**WHAT TO DO:**
Apart from the pictures, print the data below exactly as given.

**INFORMATION SUPPLIED:**
Content starts

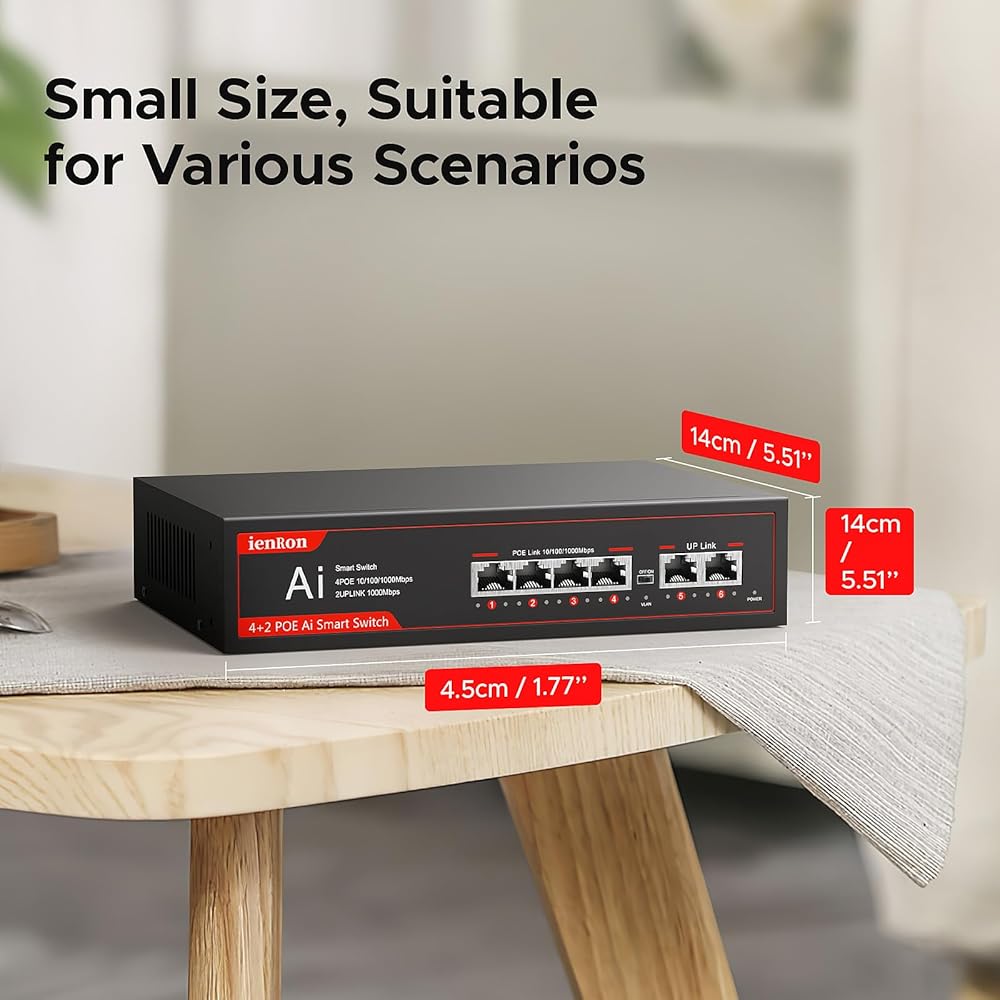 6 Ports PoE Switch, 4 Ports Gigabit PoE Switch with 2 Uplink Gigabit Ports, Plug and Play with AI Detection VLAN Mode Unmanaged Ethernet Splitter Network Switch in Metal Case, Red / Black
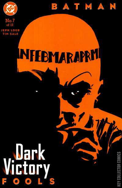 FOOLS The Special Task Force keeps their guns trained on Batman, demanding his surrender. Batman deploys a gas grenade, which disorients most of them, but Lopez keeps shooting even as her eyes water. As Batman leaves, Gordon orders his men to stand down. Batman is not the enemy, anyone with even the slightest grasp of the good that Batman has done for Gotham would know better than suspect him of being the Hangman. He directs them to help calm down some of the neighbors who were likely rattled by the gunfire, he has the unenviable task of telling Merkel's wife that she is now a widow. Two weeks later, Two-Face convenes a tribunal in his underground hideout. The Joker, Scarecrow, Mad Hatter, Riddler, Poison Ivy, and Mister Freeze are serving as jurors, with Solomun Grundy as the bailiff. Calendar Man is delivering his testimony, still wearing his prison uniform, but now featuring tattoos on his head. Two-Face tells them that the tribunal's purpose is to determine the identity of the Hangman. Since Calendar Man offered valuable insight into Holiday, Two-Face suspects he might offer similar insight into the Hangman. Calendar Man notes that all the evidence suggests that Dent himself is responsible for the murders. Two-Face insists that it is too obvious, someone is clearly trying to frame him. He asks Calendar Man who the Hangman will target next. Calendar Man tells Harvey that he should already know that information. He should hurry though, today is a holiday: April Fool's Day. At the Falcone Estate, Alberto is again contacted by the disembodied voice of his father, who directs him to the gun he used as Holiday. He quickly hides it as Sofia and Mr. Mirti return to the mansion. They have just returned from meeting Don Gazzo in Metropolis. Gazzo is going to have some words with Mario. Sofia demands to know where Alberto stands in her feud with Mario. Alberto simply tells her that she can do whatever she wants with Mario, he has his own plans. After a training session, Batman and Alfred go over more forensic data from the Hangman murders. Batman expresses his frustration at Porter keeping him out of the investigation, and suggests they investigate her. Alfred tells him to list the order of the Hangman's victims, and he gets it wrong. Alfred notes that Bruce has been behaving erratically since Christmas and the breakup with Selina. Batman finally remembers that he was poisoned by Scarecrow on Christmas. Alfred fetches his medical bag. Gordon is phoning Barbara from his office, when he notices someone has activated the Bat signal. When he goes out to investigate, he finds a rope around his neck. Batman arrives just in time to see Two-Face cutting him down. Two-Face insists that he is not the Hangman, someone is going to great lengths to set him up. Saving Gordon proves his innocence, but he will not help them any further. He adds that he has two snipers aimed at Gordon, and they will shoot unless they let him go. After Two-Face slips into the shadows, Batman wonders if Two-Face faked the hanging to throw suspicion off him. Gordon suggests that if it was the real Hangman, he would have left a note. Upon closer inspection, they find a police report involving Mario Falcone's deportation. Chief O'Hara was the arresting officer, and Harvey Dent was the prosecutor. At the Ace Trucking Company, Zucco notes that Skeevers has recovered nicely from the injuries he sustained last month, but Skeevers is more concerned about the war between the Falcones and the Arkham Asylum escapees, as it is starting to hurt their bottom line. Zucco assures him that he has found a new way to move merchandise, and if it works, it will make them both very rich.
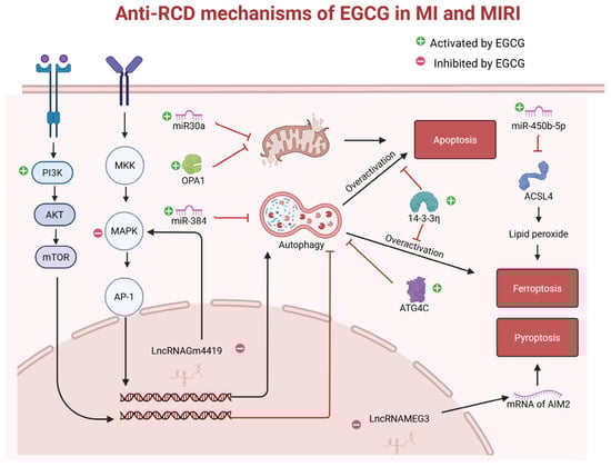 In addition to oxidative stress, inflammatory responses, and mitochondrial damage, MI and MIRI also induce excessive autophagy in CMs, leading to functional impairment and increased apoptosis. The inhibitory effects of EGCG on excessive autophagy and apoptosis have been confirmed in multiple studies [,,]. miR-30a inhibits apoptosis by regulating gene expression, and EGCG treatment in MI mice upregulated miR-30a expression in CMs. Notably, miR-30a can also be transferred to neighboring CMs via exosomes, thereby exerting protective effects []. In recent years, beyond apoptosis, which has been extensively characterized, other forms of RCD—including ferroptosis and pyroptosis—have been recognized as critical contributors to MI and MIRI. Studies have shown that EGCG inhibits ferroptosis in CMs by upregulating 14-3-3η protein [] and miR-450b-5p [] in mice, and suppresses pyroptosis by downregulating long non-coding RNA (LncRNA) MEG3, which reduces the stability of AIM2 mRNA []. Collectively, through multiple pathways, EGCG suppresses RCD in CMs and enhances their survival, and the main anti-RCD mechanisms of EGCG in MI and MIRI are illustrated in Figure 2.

Content ends

**WRITTEN SOLUTION:**
 6 Ports PoE Switch, 4 Ports Gigabit PoE Switch with 2 Uplink Gigabit Ports, Plug and Play with AI Detection VLAN Mode Unmanaged Ethernet Splitter Network Switch in Metal Case, Red / Black
 FOOLS The Special Task Force keeps their guns trained on Batman, demanding his surrender. Batman deploys a gas grenade, which disorients most of them, but Lopez keeps shooting even as her eyes water. As Batman leaves, Gordon orders his men to stand down. Batman is not the enemy, anyone with even the slightest grasp of the good that Batman has done for Gotham would know better than suspect him of being the Hangman. He directs them to help calm down some of the neighbors who were likely rattled by the gunfire, he has the unenviable task of telling Merkel's wife that she is now a widow. Two weeks later, Two-Face convenes a tribunal in his underground hideout. The Joker, Scarecrow, Mad Hatter, Riddler, Poison Ivy, and Mister Freeze are serving as jurors, with Solomun Grundy as the bailiff. Calendar Man is delivering his testimony, still wearing his prison uniform, but now featuring tattoos on his head. Two-Face tells them that the tribunal's purpose is to determine the identity of the Hangman. Since Calendar Man offered valuable insight into Holiday, Two-Face suspects he might offer similar insight into the Hangman. Calendar Man notes that all the evidence suggests that Dent himself is responsible for the murders. Two-Face insists that it is too obvious, someone is clearly trying to frame him. He asks Calendar Man who the Hangman will target next. Calendar Man tells Harvey that he should already know that information. He should hurry though, today is a holiday: April Fool's Day. At the Falcone Estate, Alberto is again contacted by the disembodied voice of his father, who directs him to the gun he used as Holiday. He quickly hides it as Sofia and Mr. Mirti return to the mansion. They have just returned from meeting Don Gazzo in Metropolis. Gazzo is going to have some words with Mario. Sofia demands to know where Alberto stands in her feud with Mario. Alberto simply tells her that she can do whatever she wants with Mario, he has his own plans. After a training session, Batman and Alfred go over more forensic data from the Hangman murders. Batman expresses his frustration at Porter keeping him out of the investigation, and suggests they investigate her. Alfred tells him to list the order of the Hangman's victims, and he gets it wrong. Alfred notes that Bruce has been behaving erratically since Christmas and the breakup with Selina. Batman finally remembers that he was poisoned by Scarecrow on Christmas. Alfred fetches his medical bag. Gordon is phoning Barbara from his office, when he notices someone has activated the Bat signal. When he goes out to investigate, he finds a rope around his neck. Batman arrives just in time to see Two-Face cutting him down. Two-Face insists that he is not the Hangman, someone is going to great lengths to set him up. Saving Gordon proves his innocence, but he will not help them any further. He adds that he has two snipers aimed at Gordon, and they will shoot unless they let him go. After Two-Face slips into the shadows, Batman wonders if Two-Face faked the hanging to throw suspicion off him. Gordon suggests that if it was the real Hangman, he would have left a note. Upon closer inspection, they find a police report involving Mario Falcone's deportation. Chief O'Hara was the arresting officer, and Harvey Dent was the prosecutor. At the Ace Trucking Company, Zucco notes that Skeevers has recovered nicely from the injuries he sustained last month, but Skeevers is more concerned about the war between the Falcones and the Arkham Asylum escapees, as it is starting to hurt their bottom line. Zucco assures him that he has found a new way to move merchandise, and if it works, it will make them both very rich.
 In addition to oxidative stress, inflammatory responses, and mitochondrial damage, MI and MIRI also induce excessive autophagy in CMs, leading to functional impairment and increased apoptosis. The inhibitory effects of EGCG on excessive autophagy and apoptosis have been confirmed in multiple studies [,,]. miR-30a inhibits apoptosis by regulating gene expression, and EGCG treatment in MI mice upregulated miR-30a expression in CMs. Notably, miR-30a can also be transferred to neighboring CMs via exosomes, thereby exerting protective effects []. In recent years, beyond apoptosis, which has been extensively characterized, other forms of RCD—including ferroptosis and pyroptosis—have been recognized as critical contributors to MI and MIRI. Studies have shown that EGCG inhibits ferroptosis in CMs by upregulating 14-3-3η protein [] and miR-450b-5p [] in mice, and suppresses pyroptosis by downregulating long non-coding RNA (LncRNA) MEG3, which reduces the stability of AIM2 mRNA []. Collectively, through multiple pathways, EGCG suppresses RCD in CMs and enhances their survival, and the main anti-RCD mechanisms of EGCG in MI and MIRI are illustrated in Figure 2.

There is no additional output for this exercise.